Chapter 2.8, Problem 101P

A 1000-W iron is left on the ironing board with its base exposed to the air at 23°C. The convection heat transfer coefficient between the base surface and the surrounding air is 20 W/m²·°C. If the base has an emissivity of 0.4 and a surface area of 0.02 m², determine the temperature of the base of the iron.

To determine

The temperature of the base of the iron.

Answer to Problem 101P

The temperature of the base of the iron is $\underset{\_}{833°\text{C}}$.

Explanation of Solution

Since the 1000 W iron is left on the ironing board, so it is supplying energy to the surooundings by convection and radiation heat transfer.

Write the equation of the total rate of heat transfer.

${\dot{Q}}_{\text{total}}={\dot{Q}}_{\text{conv}}+{\dot{Q}}_{\text{rad}}$ (I)

Here, the rate of heat transfer by convection and radiation are ${\dot{Q}}_{\text{conv}}$ and ${\dot{Q}}_{\text{rad}}$ respectively.

Calculate the rate of heat transfer by convection.

$\begin{array}{c}{\dot{Q}}_{\text{conv}}=hA\Delta T\\ =hA\left(T_s-T_o\right)\end{array}$ (II)

Here, change in the temperature is $\Delta T$, surface temperature is $T_S$, final temperature is $T_o$, the convection heat transfer coefficient is h, and area of an iron base is A.

Calculate the rate of heat transfer by radiation.

${\dot{Q}}_{\text{rad}}=\epsilon \sigma A\left(T_s^4-T_o^4\right)$ (III)

Here, emissivity of the base surface is $\epsilon$ and Stefan-Bolzmann constant is $\sigma$.

Conclusion:

Substitute 1000 W for ${\dot{Q}}_{\text{total}}$ in Equation (I).

$1000\text{W}={\dot{Q}}_{\text{conv}}+{\dot{Q}}_{\text{rad}}$ (IV)

Substitute $20{\text{W/m}}^{\text{2}}\cdot \text{°C}$ for h and $23°\text{C}$ for $T_o$ in Equation (II).

$\begin{array}{c}{\dot{Q}}_{\text{conv}}=20{\text{W/m}}^{\text{2}}\cdot \text{°C}\left(0.02{\text{m}}^{\text{2}}\right)\left(T_s-23°\text{C}\right)\\ =20\text{W}\left(0.02\right)\left(T_s-\left(23+273\right)\text{K}\right)\\ =0.4\left(T_s-296\text{K}\right)\text{W}\end{array}$

Substitute $5.67\times {10}^{-8}{\text{W/m}}^{\text{2}}\cdot {\text{K}}^{\text{4}}$ for $\sigma$, $0.02{\text{m}}^{\text{2}}$ for A, $23°\text{C}$ for $T_o$, and 0.4 for $\epsilon$ in Equation (III).

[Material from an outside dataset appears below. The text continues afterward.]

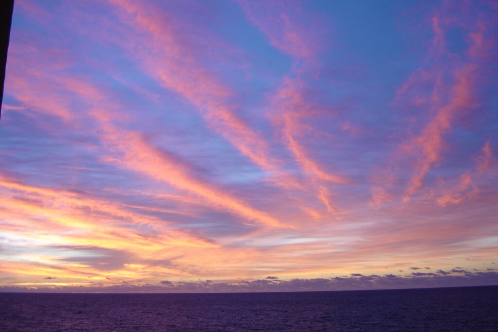 Der Sonnenuntergang zaubert dann farbige Wolken auf den Himmel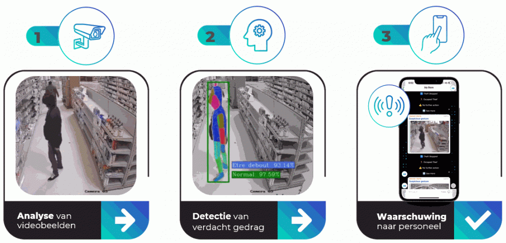 - Veesion automatiseert de registratie van verdachte activiteiten door realtime de beelden van bestaande CCTV camerasystemen te analyseren.

$\begin{array}{c}{\dot{Q}}_{\text{rad}}=0.4\left(5.67\times {10}^{-8}{\text{W/m}}^{\text{2}}\cdot {\text{K}}^{\text{4}}\right)\left(0.02{\text{m}}^{\text{2}}\right)\left({\left(T_s\right)}^4-{\left(23°\text{C}\right)}^4\right)\\ =0.4\left(5.67\times {10}^{-8}{\text{W/K}}^{\text{4}}\right)0.02\left({\left(T_s\right)}^4-{\left(23+273\text{K}\right)}^4\right)\\ =0.04536\times {10}^8\left(T_s^4-{\left(296\text{K}\right)}^4\right)\end{array}$

Substitute $0.4\left(T_s-296\text{K}\right)\text{W}$ for ${\dot{Q}}_{\text{conv}}$ and $0.04536\times {10}^8\left(T_s^4-{\left(296\text{K}\right)}^4\right)$ for ${\dot{Q}}_{\text{rad}}$ in Equation (IV).

$1000\text{W}=0.4\left(T_s-296\text{K}\right)\text{W}+0.04536\times {10}^8\left(T_s^4-{\left(296\text{K}\right)}^4\right)$ (V)

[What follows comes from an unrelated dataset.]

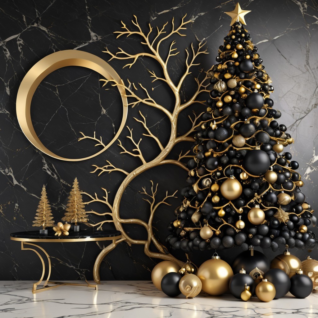 Prompt: A stunning 3D render showcases a "shimmering black and gold Christmas tree ornaments" in "diverse shapes and sizes," each displaying "intricate patterns" that catch the eye, meticulously arranged on a luxurious "black marble table." Delicate "golden branches" arch gracefully behind the tree, softly framing the scene, while the backdrop features an "aged plaster wall" bathed in a "warm inviting glow," creating remarkable "visual depth" and a sense of festive grandeur. The composition emphasizes the luxurious atmosphere with subtle shadows dancing across the surfaces, enriching the rich tones of black and gold.

Solve equation (V) using hit and trial method as in Table (1).

$T_s\left(\text{K}\right)$	Equation (V)
900	535.72
1000	731.71
1100	982.23
1106	999.242
1200	1298.70
1300	1693.64

From Table (1), it is shown that at the value of 999.242, equation (V) right side is equal to the left side value of 1000 W. Therefore, the temperature at value of 999.242 is 1106 K.

Convert the unit of temperature, $T_s$ from Kelvin to degree celcius.

$\begin{array}{c}{T}_s=1106\text{K}\\ =\left(1106-273\right)°\text{C}\\ =\text{833}°\text{C}\end{array}$

Thus, the temperature of the base of the iron is $\underset{\_}{833°\text{C}}$.